However, there is a possibility that the same person is not captured by the imaging devices 11-1 to 11-3 at the same time. For example, there is a possibility of occurrence of a situation where, at the time t, the imaging device 11-1 and the imaging device 11-2 capture the person A but the imaging device 11-3 does not capture the person A. In such a situation, the characteristic point is not detected from the image captured by the imaging device 11-3, and the corresponding points to the characteristic points detected from the image captured by the imaging device 11-1 are not obtained.
When such a situation occurs, the position information is calculated using the characteristic points detected at a time other than the time t. Since a person moves, there is a high possibility that the imaging device 11-3 captures a person at another time even when the imaging device 11-3 has not captured a person at a predetermined time t.

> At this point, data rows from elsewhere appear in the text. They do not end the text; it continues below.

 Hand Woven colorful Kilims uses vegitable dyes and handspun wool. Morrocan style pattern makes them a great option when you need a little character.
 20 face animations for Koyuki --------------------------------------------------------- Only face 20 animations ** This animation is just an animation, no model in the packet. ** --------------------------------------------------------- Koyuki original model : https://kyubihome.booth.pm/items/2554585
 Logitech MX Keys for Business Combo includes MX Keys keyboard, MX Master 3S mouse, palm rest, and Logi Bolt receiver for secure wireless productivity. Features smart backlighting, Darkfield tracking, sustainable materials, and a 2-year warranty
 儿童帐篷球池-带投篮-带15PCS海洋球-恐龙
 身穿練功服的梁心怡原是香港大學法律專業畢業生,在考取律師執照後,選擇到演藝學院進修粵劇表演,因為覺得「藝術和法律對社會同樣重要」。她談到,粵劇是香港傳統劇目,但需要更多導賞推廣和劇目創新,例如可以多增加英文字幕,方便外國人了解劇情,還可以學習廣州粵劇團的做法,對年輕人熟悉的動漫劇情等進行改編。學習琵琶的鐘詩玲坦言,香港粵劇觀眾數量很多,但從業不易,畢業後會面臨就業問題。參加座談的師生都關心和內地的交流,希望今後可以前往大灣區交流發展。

Therefore, in a case where the characteristic points are not obtained from the image from the imaging device 11-3 at the time t, the position information of the imaging device 11-3 is calculated using the characteristic points detected from the image obtained when captured at preceding point of time or the characteristic points detected from the image obtained when becoming capturable at later point of time.

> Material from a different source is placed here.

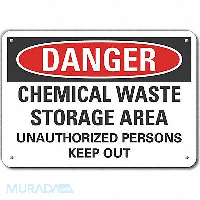 Plastic Chemicals Danger Sign Vertical Rectangle Number of Printed Sides 1 English Sign Format Traditional OSHA Sign Legend Chemical Waste Storage Area Unauthorized Persons Keep Out Sign Legend Background Color White Sign Legend Style Text

A position smoothing unit is provided at a subsequent stage of the position detection unit 125 and before the position integration unit 126. In addition, the position smoothing unit uses the position information when the position detection unit 125 can acquire the position information at the latest time t, and the position smoothing unit accumulates the result of the preceding time t-1 and uses the accumulated result when the position detection unit 125 does not acquire the position information.
By performing such processing by the position smoothing unit, the relative position of the imaging device 11 can be calculated even if not all the plurality of imaging devices 11 are installed in a state where the fields of view overlap, in other words, even if not all the plurality of imaging devices 11 are installed at positions where the imaging devices 11 can capture the same person at the same time.
In other words, the respective pieces of the position information of the plurality of imaging devices 11 can be calculated by the movement of the person even if the imaging devices 11 that are not the references are arranged in a state where the fields of view do not overlap as long as the fields of view overlap with the field of view of the reference imaging device 11. The processing of smoothing the position information in the time direction may be performed in this way. By smoothing the position information in the time direction, the accuracy of the position detection can be further improved.
In the above processing, in the case where the position information of the imaging device 11-1 is supplied from the position tracking unit 127-1, the position information of the imaging device 11-2 is supplied from the position tracking unit 127-2, and the position information is supplied from the position detection unit 125 to the position integration unit 126, these pieces of the position information are integrated with weighting, and final position information (specified position) after integration may be able to be output.
In weighting, a coefficient used for weighting may be a fixed value or a variable value. The case of a variable value will be described.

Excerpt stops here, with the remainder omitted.